I had need to refer to something in the first issue of Blues World (March 1965) and the editorial suggests to me yesteryear's equivalent of Weenie.:) The magazine lasted a decade.

"This magazine is intended to serve as the journal of the Country Blues
Correspondence Club and as this is a new venture perhaps a brief outline of
its aims is necessary in the first issue.

The C.B.C.C. aims to put country blues enthusiasts in touch with each other
for the purposes of exchanging information, views, tapes, etc.

Assuming sufficient response we intend to publish a list of names and
addresses, together with each member's interests and projects (if any).
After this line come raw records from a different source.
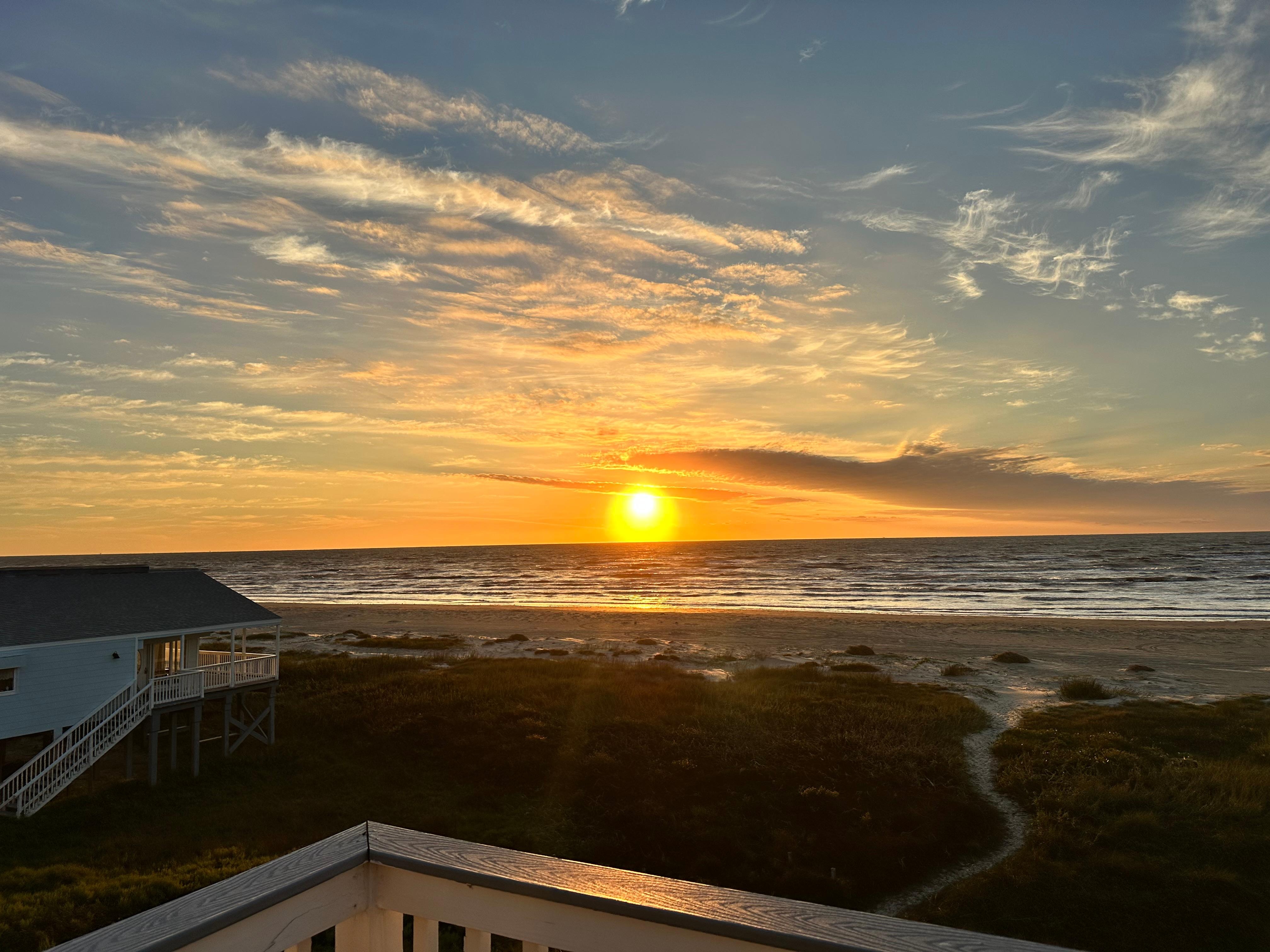 You can not beat this wide open view! Enjoy everything the sunrise has to offer from the expansive two story deck and wall of windows facing the Gulf.
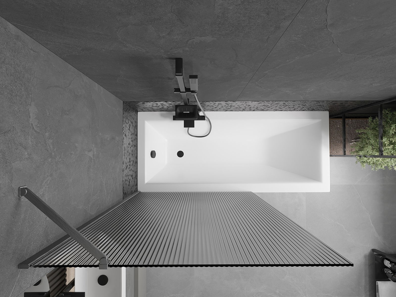 Mexen Next vonios širmos 1-durės 100 x 150 cm, juostos, ginklinės pilkos matinės - 895-100-000-00-09-66
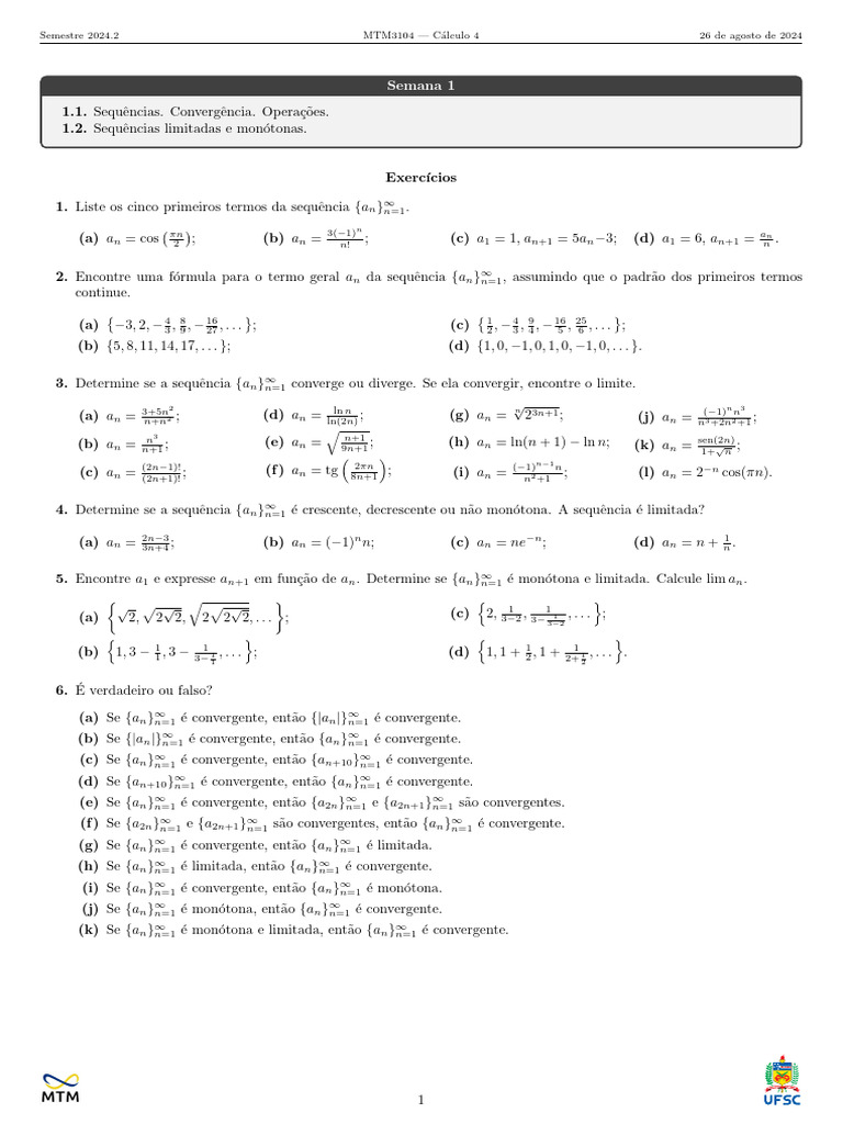 Semestre 2024.2 MTM3104 — Cálculo 4 26 de agosto de 2024
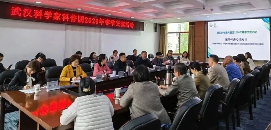 4月22日,武汉科学家科普团(以下简称“科普团”)2026年春季交流活动在中国科学院武汉分院举办。中国科学院院士、中国科学院精密测量科学与技术创新研究院研究员孙和平,中国科学院武汉分院副院长、分党组成员关武祥,武汉市科协科普部负责人、三级调研员吴宇明,武汉大学物理科学与技术学院教授石兢,科普团团长、中国科学院水生生物研究所研究员张先锋,科普团代表、中国科学院武汉分院系统单位的科技工作者代表和水果湖街道小洪山社区代表共30余人参加活动。
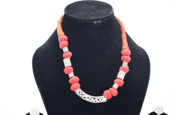 Add a touch of handcrafted elegance to your attire with this beautifully made Cotton Neckpiece featuring a vibrant red dori and sleek pipe bead detailing. Lightweight and comfortable, this necklace is perfect for both everyday wear and festive occasions. Its adjustable tie-up design ensures a custom fit, while its blend of traditional craftsmanship and modern design makes it a standout accessory. Handcrafted by skilled SHG artisans, this piece supports sustainable and ethical fashion. Pair it with ethnic outfits or fusion wear to make a bold style statement.

'Blues World' will serve to air views, circulate information and include
articles by members.

With this in mind we encourage anyone reading this magazine to, write to us
and give any views on the articles included or any relevant information. A
letters page will be included in the next issue for this purpose.

There is no membership fee for joining the C.B.C.C. but we hope all those
interested will subscribe to the Magazine.

At this point it might be worthwhile pointing out that we do not intend to
observe any hard and fast definitions as to the nature of 'Country' blues as
opposed to any other kind.

It can be taken that we mean 'Country Blues' in its widest sense.

Certainly 'Blues World' will include features on all kinds of genuine blues.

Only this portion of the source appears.